> Entries provided
--
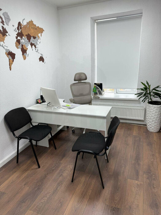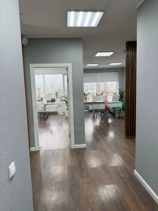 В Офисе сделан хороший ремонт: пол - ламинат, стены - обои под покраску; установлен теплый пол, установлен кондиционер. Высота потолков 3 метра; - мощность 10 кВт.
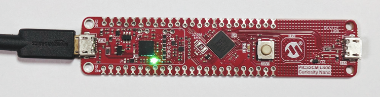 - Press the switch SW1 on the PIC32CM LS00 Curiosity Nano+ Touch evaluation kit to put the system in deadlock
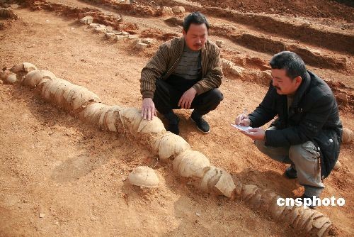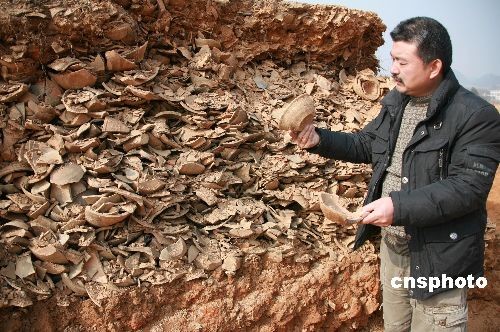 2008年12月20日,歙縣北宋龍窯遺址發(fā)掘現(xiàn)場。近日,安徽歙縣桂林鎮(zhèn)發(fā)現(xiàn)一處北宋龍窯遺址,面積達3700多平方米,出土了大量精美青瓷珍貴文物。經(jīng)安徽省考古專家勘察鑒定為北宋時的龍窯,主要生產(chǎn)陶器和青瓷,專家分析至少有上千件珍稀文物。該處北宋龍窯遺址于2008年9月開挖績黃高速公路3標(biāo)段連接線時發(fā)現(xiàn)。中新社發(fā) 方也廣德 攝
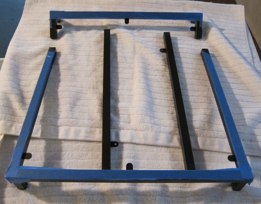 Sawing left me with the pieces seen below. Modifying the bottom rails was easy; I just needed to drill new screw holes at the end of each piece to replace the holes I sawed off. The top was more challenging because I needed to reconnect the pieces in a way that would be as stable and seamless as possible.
--
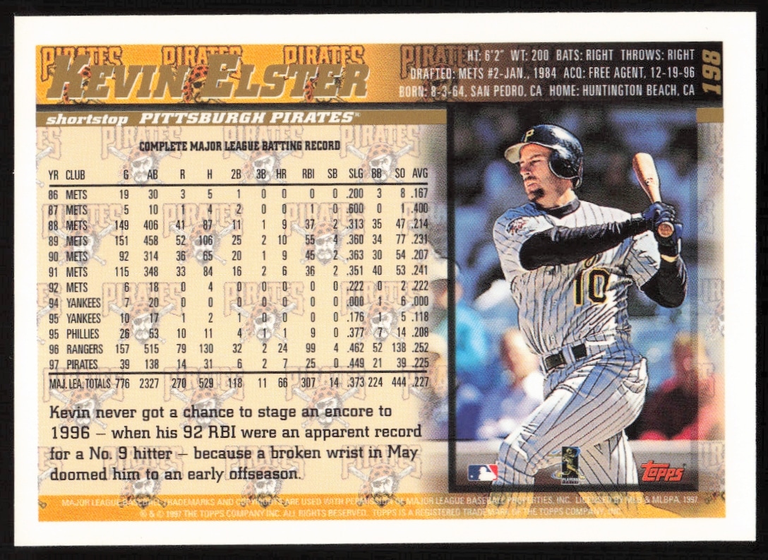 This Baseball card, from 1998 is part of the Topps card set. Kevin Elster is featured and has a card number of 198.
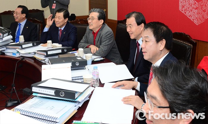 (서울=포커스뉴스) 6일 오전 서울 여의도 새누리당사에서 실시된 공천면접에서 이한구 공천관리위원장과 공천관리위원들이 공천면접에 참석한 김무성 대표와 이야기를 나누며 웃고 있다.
--
> Work to complete
Above, find the line holding "This Baseball card, from" and the line holding "(서울=포커스뉴스) 6일 오전". Print exactly those two lines and every line between them, but no pictures.

> Output below
 This Baseball card, from 1998 is part of the Topps card set. Kevin Elster is featured and has a card number of 198.
 (서울=포커스뉴스) 6일 오전 서울 여의도 새누리당사에서 실시된 공천면접에서 이한구 공천관리위원장과 공천관리위원들이 공천면접에 참석한 김무성 대표와 이야기를 나누며 웃고 있다.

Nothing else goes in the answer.